■ WORK REQUEST
Copy nothing but the lines below, from the one with "# Создаем исходные" through the one with "Kvinna och man i kök, sannolikt Uppsala 1933", exactly as written; no pictures should appear.

■ SUPPLIED ENTRIES
============
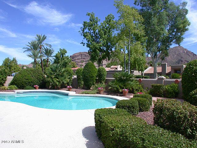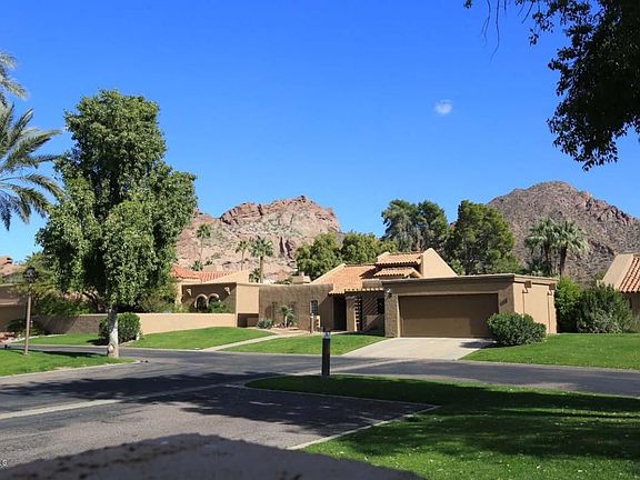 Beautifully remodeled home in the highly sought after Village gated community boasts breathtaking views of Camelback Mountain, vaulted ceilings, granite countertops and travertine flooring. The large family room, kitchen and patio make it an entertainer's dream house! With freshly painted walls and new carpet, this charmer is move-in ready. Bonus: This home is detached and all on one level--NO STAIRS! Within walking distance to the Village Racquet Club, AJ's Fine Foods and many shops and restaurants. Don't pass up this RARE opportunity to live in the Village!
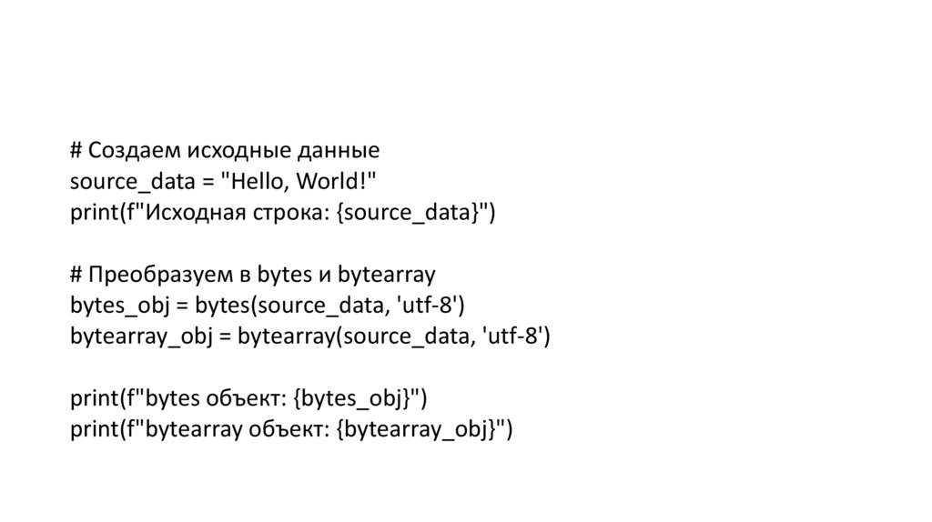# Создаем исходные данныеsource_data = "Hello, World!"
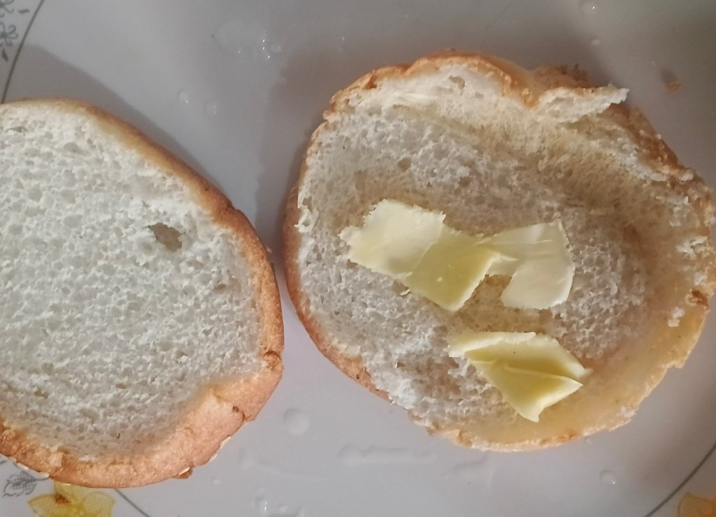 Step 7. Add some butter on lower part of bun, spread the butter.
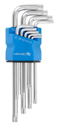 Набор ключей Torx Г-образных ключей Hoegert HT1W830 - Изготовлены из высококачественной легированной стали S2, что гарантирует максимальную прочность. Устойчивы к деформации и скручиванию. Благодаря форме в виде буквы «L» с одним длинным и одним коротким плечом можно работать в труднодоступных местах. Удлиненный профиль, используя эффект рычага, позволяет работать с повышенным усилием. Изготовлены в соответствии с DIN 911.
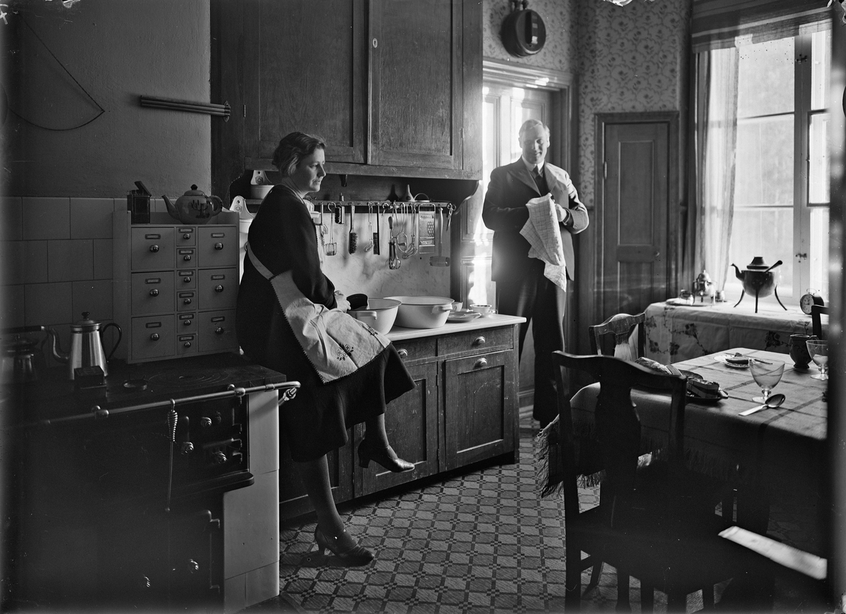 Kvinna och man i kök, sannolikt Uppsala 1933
============
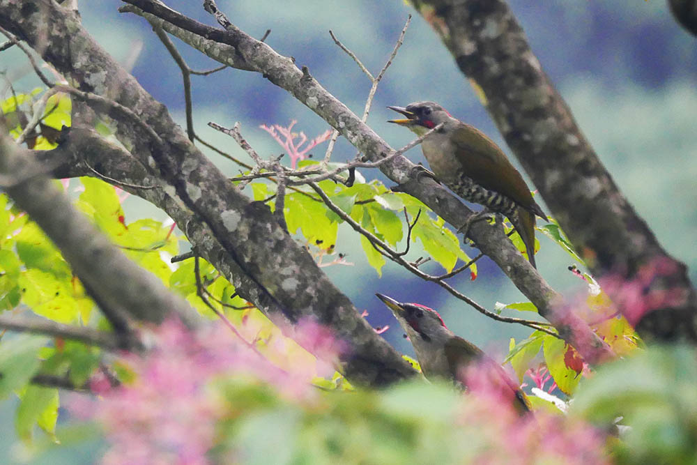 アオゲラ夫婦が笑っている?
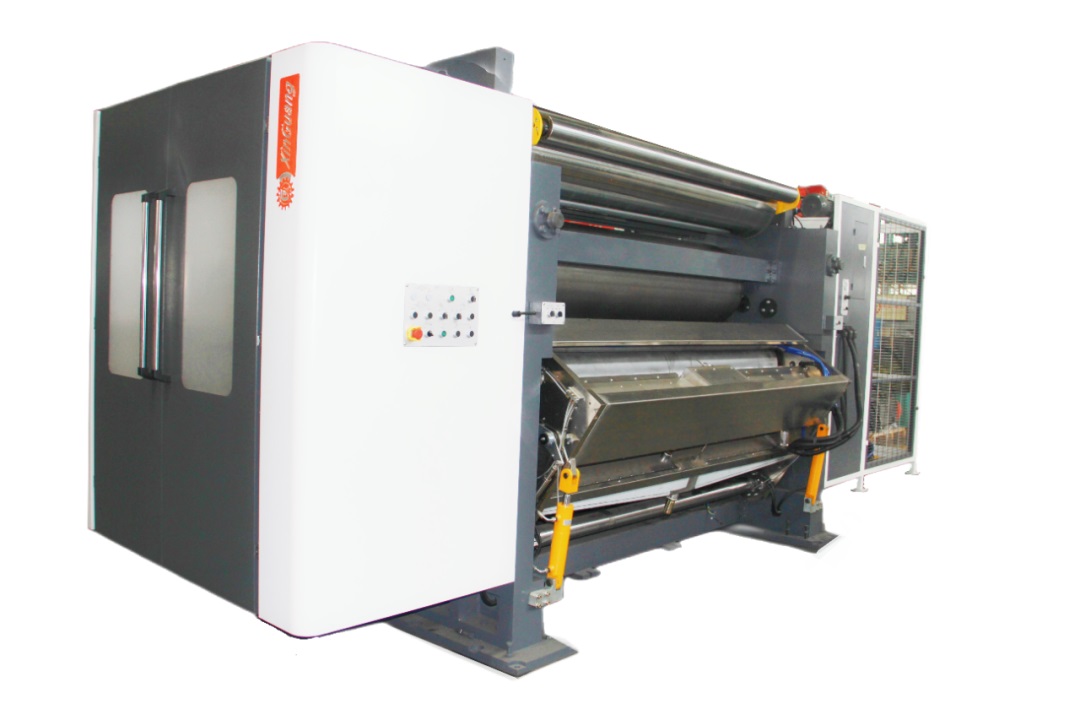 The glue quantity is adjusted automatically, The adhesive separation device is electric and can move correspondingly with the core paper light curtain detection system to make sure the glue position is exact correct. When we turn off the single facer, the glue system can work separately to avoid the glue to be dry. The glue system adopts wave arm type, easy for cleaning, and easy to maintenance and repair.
============
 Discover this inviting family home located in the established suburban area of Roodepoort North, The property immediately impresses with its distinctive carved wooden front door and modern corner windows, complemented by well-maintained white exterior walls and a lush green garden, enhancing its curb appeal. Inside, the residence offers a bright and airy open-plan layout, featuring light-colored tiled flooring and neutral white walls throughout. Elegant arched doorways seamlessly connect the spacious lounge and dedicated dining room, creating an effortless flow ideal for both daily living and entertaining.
============
■ WRITTEN RESPONSE
# Создаем исходные данныеsource_data = "Hello, World!"
 Step 7. Add some butter on lower part of bun, spread the butter.
 Набор ключей Torx Г-образных ключей Hoegert HT1W830 - Изготовлены из высококачественной легированной стали S2, что гарантирует максимальную прочность. Устойчивы к деформации и скручиванию. Благодаря форме в виде буквы «L» с одним длинным и одним коротким плечом можно работать в труднодоступных местах. Удлиненный профиль, используя эффект рычага, позволяет работать с повышенным усилием. Изготовлены в соответствии с DIN 911.
 Kvinna och man i kök, sannolikt Uppsala 1933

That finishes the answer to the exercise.